The world’s largest investment firm, BlackRock Inc, reported second-quarter results on Monday which failed to impress Wall Street as it cut fees to lure a wave of investor cash into its exchange-traded funds (ETFs), sending shares down 3 per cent.
Investors of all types have been piling into ETFs and dumping more expensive alternatives, and BlackRock's fees have raced toward zero on some products while competitors like Vanguard Group and Charles Schwab Corp offer ETFs at or near the cost of managing them.
The New York-based company’s largely index-tracking iShares ETFs pulled in a record $74 billion(€64.5 billion) during the most recent quarter, up from $16 billion a year earlier.
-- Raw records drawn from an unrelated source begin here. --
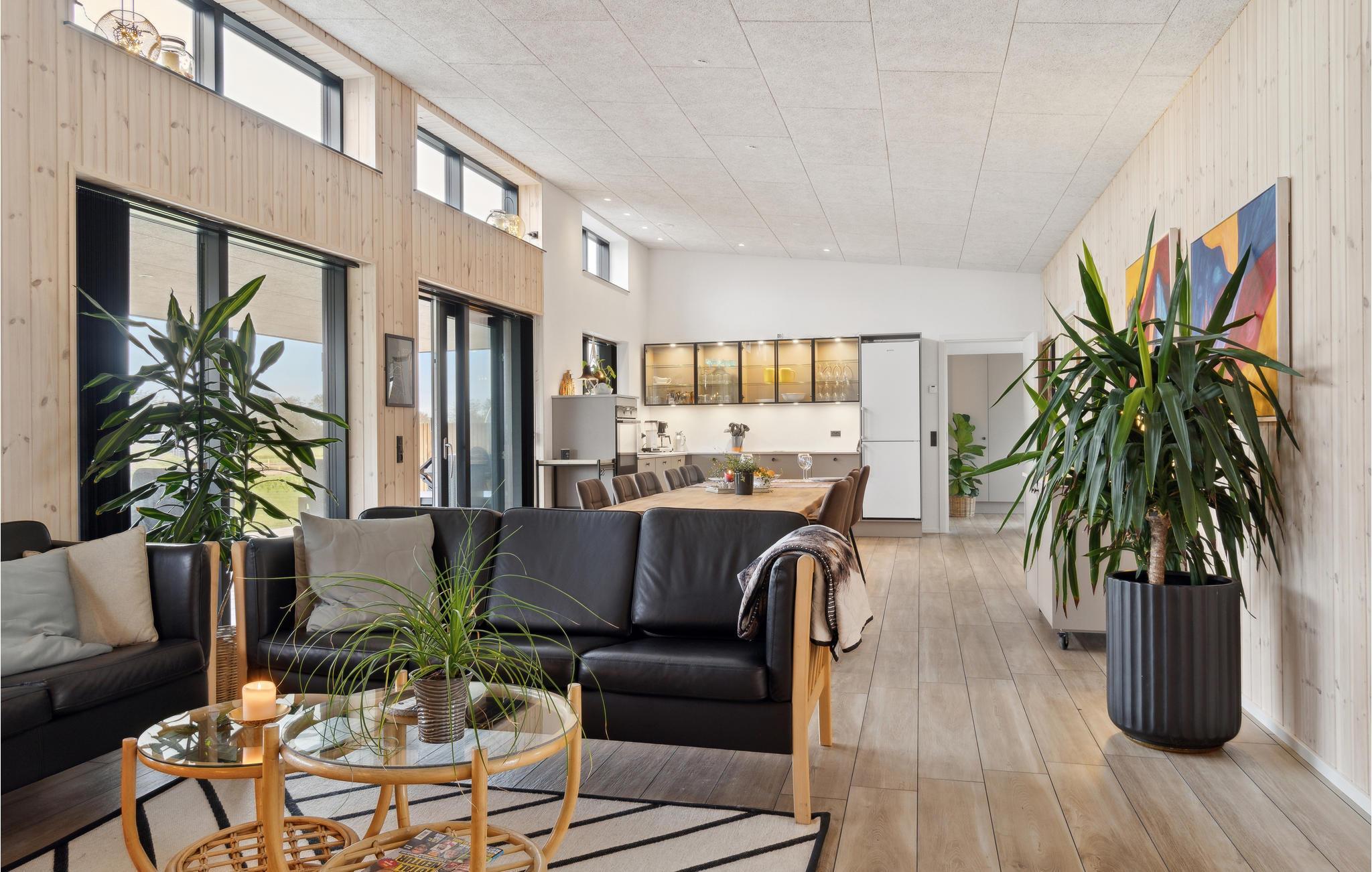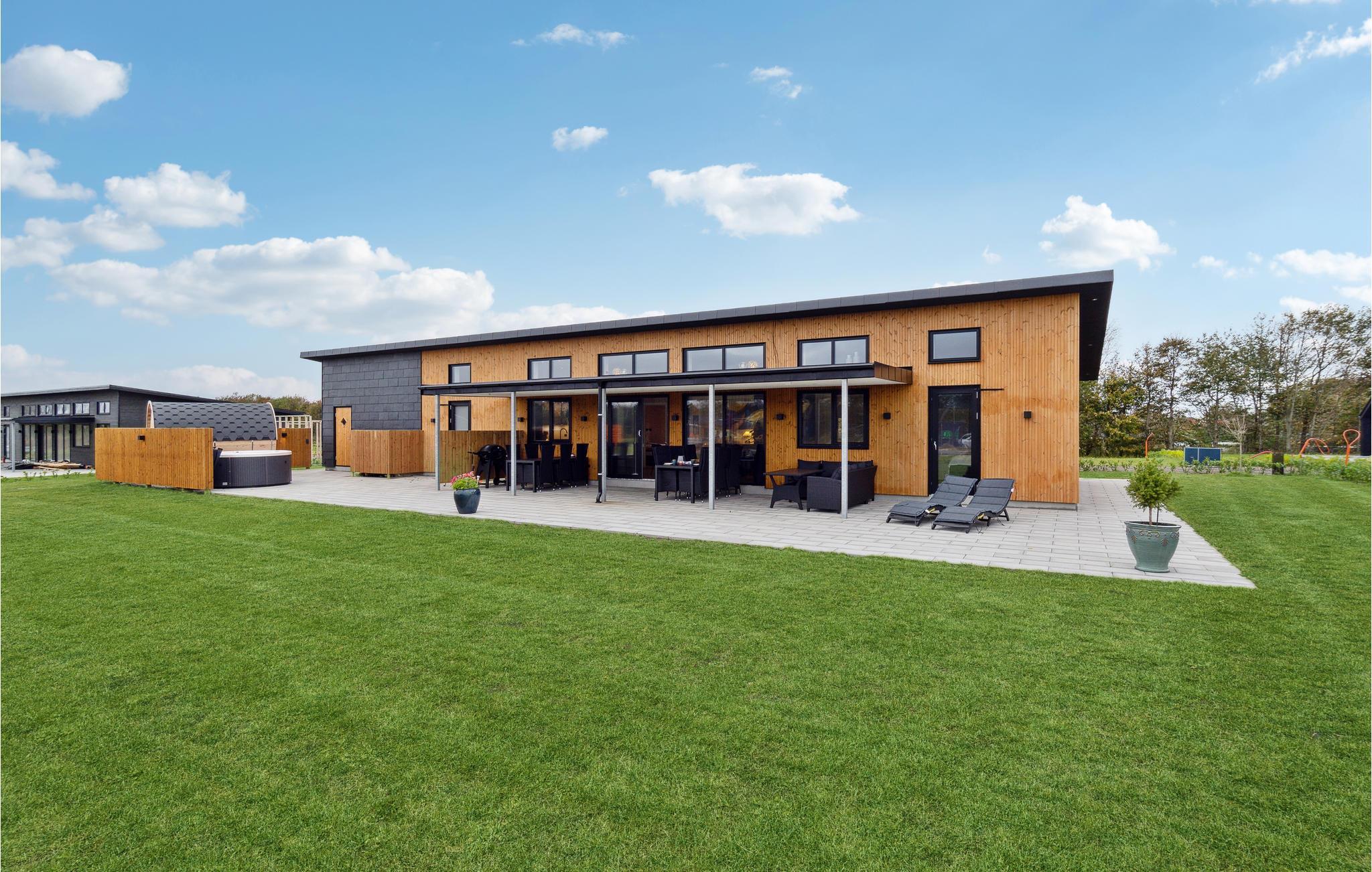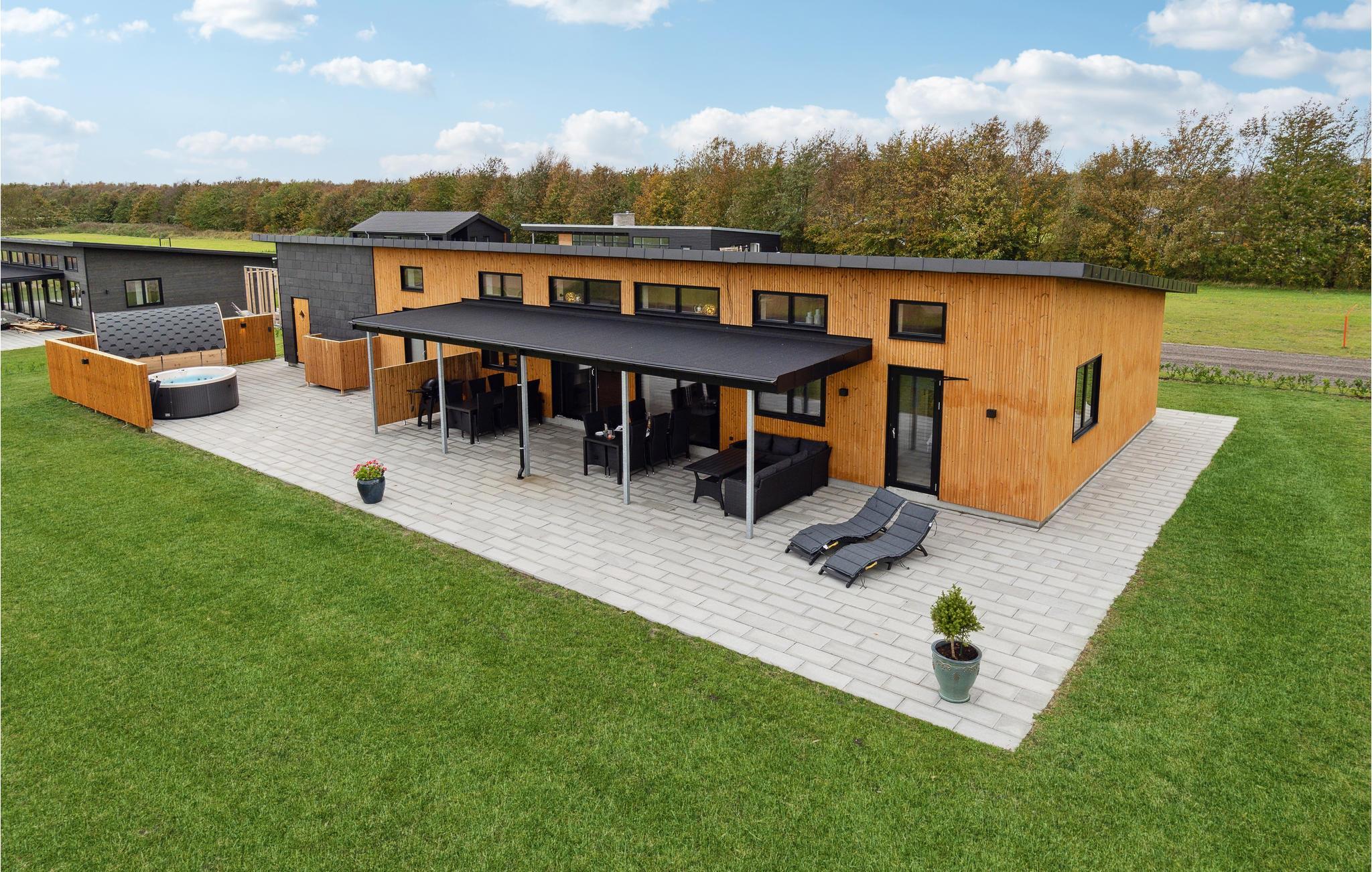 Ønsker I en afslappende familieferie i et feriehus med ekstra høj komfort og smagfuldt, gennemført design? Så er I havnet det rette sted. Her venter en dejlig tid med jeres store familie eller flere venner, og I vil sikkert ikke have lyst til at tage hjem! Den store stue kombinerer på smart vis madlavning, spisning, leg og hygge og nyder masser af dagslys gennem de store og talrige vinduespartier. Indtag sammen en lækker morgenmad og friskbrygget kaffe på den overdækkede terrasse. Terrassen strækker sig rundt om huset og giver jer masser af plads til hyggeligt samvær, leg og spas samt ren afslapning. Mens jeres børn leger i haven eller udforsker den nærliggende legeplads, kan I slappe af i spabadet eller tøndesaunaen og lægge jeres hektiske hverdag bag jer.
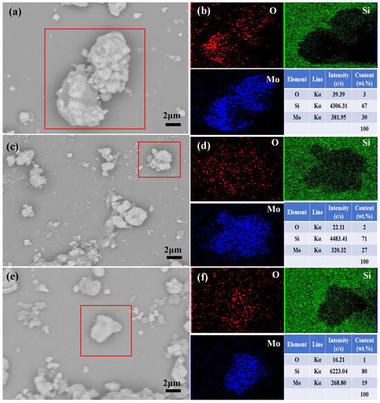 SEM with BSE imaging and EDS mapping of the particles in red squares with element contents of AS-MoSi2 (a,b), NS-MoSi2 (c,d), and BS-MoSi2 (e,f).
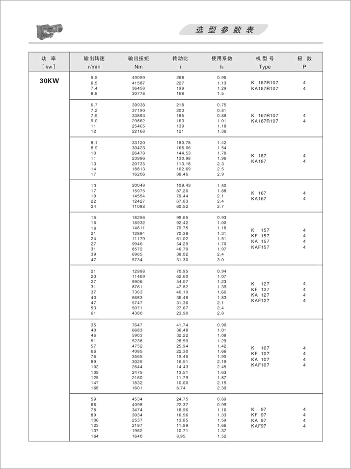 K螺旋錐齒輪減速機選項參數(shù)表30KW
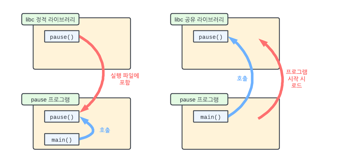 하는일 없이 pause() 시스템 콜만 호출하는 pause.c 프로그램(코드 01-05)을 통해 각 라이브러리 차이점을 설명하는 [그림 01-09]를 살펴보자.
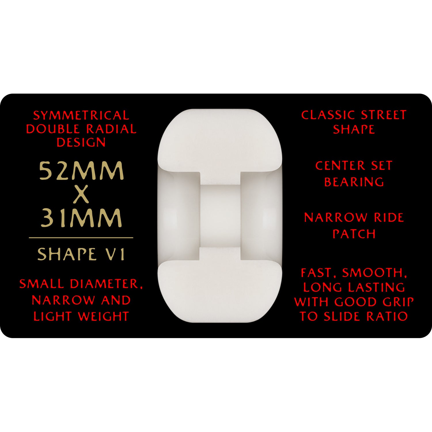 ABOUT THE V1 SHAPE: Symmetrical double radial design. Classic street shape. Small diameter, narrow and light weight. Center set bearing.
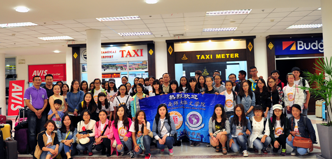 2015年8月27日,华文学院共计58名学生在李进副院长和吴榕峰老师的带领下,顺利前往泰国清迈大学,拉开了为期一年的留学序幕。

Overall flows totaled $104 billion, compared to just $7 billion a year ago.
Assets under management jumped 16 percent to nearly $5.7 trillion, but revenue gained just 6 percent to $2.97 billion and earnings per share rose 10 percent to $5.22, or $5.24 after adjusting for non-recurring items and other charges.
That fell short of analysts’ average target of $5.40 per share and $3.02 billion in revenue, according to Thomson Reuters, and the company acknowledged that fees were lighter due to “previously announced pricing changes.”
The company’s shares were last down just over 3 percent at $425.12 on Monday morning.
BlackRock announced a major cut for its ETFs last October and just last week lowered fees to $9 a year from $27 for every $10,000 an investor holds on a $10 billion iShares mortgage-backed securities ETF.
BlackRock Chief Financial Officer Gary Shedlin said on a conference call that the company has recouped "over 75 percent" of lost revenue from the October fee cuts due to growth.
The company also expects more money to roll into the MBS fund as the Federal Reserve is expected to let its own holdings roll off its balance sheet starting this year.
Already benefiting from a move by advisers to use low-fee products, BlackRock has been looking for growth from burgeoning groups of clients, such as insurers.
Chief executive Larry Fink said on a conference call with analysts that the ETF industry's growth potential reminded him of his younger days in the 1970s developing the mortgage-backed securities market.